Quem vai parar o ministro Renan Filho?
Análise crítica de Mariana Czerwonka questiona ações do ministro Renan Filho e aponta riscos da Resolução 1020/25 para a formação de condutores e a segurança no trânsito.

O setor de trânsito brasileiro está diante de um dos momentos mais turbulentos das últimas décadas. Em ritmo acelerado, o ministro dos Transportes, Renan Filho, tem anunciado, defendido e prometido mudanças que desmontam, em sequência, pilares essenciais da formação, avaliação e acompanhamento dos condutores no país. A pergunta que toma conta do setor, de instrutores a psicólogos, de especialistas a entidades representativas, é uma só: quem vai parar o ministro Renan Filho?
A aprovação da Resolução 1020, que retalha o processo de formação de condutores e enfraquece etapas historicamente reconhecidas como essenciais, foi apenas o primeiro sinal. Em poucos dias, o ministro aprofundou ainda mais o desmonte, agora, articulando internamente o fim do exame psicológico, uma das poucas etapas capazes de avaliar minimamente a condição emocional, cognitiva e comportamental de quem irá conduzir um veículo — e, muitas vezes, transportar vidas.
Enquanto o discurso oficial insiste em “desburocratização” e “redução de custos”, a sensação entre profissionais da área é de que o Brasil está entrando em uma curva perigosa, guiado por decisões rápidas, pouco debatidas e extremamente sensíveis para a segurança viária.
Primeiro ato: flexibilizar a formação
A Resolução 1020 já havia acendido o alerta vermelho. Ao retirar etapas, encurtar processos e tentar igualar formação teórica, técnica e comportamental à mera liberação administrativa, o governo criou um ambiente de insegurança jurídica, operacional e institucional.
Autoescolas, instrutores e especialistas denunciaram a pressa, a fragilidade técnica e a falta de diálogo. Muitas das medidas foram classificadas como improvisadas e potencialmente danosas.
Ainda assim, a resolução foi aprovada pelo Conselho Nacional de Trânsito (Contran), leia-se o Ministro dos Transportes.
Segundo ato: acabar com o exame psicológico
Agora, surge o que muitos consideram o golpe mais duro na estrutura do processo de habilitação: o governo estuda extinguir o exame psicológico, obrigatório na primeira habilitação, inclusive para motoristas profissionais.
A justificativa é simplista: a taxa de inaptidão é de apenas 0,01%. Mas quem entende a função desse exame sabe que esse dado não prova irrelevância.
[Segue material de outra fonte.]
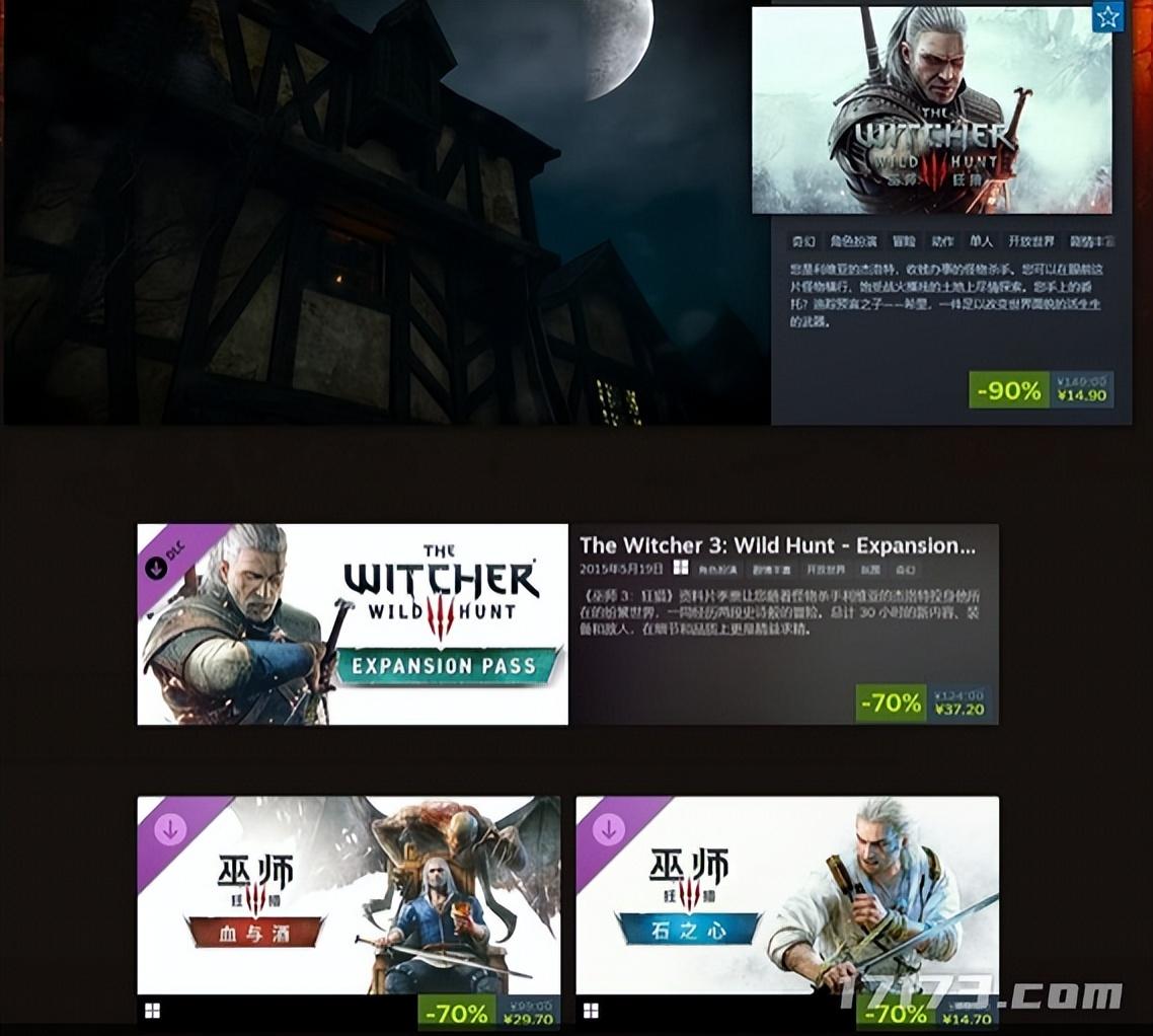 在Steam平臺上,《巫師3:狂獵》的本體與DLC也是開啓了史低特惠,本體低至1折,DLC低至3折。

Eliminar essa etapa é deixar o país exposto a uma bomba-relógio comportamental.
O país em direção contrária ao mundo
As nações que são referência em segurança viária reforçam a avaliação de condutores, ampliam critérios psicológicos, monitoram saúde mental, fazem acompanhamento periódico e tratam a direção como atividade de risco real.
No Brasil, o governo caminha na direção oposta.
Estamos discutindo flexibilizar tudo ao mesmo tempo:
- a formação;
- a avaliação;
- o exame prático;
- a fiscalização indireta;
- e agora a própria saúde emocional dos motoristas.
“Modernização”, segundo o discurso oficial.
“Desregulamentação temerária”, segundo praticamente todo o setor técnico.
No centro de tudo: Renan Filho
O ministro não apenas defende as mudanças. Ele lidera a narrativa, personifica o projeto e empilha decisões que ignoram alertas históricos e técnicos.
Entidades do setor apontam que não há debate público consistente, não há audiências amplas, não há escuta ativa. Há, sim, velocidade — muita velocidade — em temas que exigem cuidado, critérios e responsabilidade.
E há um desalinhamento gritante entre o que o Brasil precisa e o que o governo está propondo.
Quem vai parar o ministro Renan Filho?
A essa altura, não é mais apenas uma pergunta retórica. É uma provocação, um chamado, um diagnóstico do momento que vivemos.
Se o Congresso, o Judiciário, as entidades técnicas e a sociedade, ou até mesmo o próprio presidente da República, não se manifestarem, o país corre o risco de ver desfeita, em poucos meses, uma construção de décadas de política pública voltada à redução de riscos e preservação da vida no trânsito.
Modernizar não é rasgar etapas. Desburocratizar não é desproteger. Reduzir custos não pode significar aumentar mortes.
O trânsito brasileiro já é violento demais. E as mudanças anunciadas não apontam para segurança — apontam para vulnerabilidade. Por isso, a pergunta precisa continuar ecoando, com força crescente, dentro e fora de Brasília: Quem vai parar o ministro Renan Filho?
*Texto opinativo da jornalista Mariana Czerwonka que atua há mais de 20 anos na área de educação para o trânsito.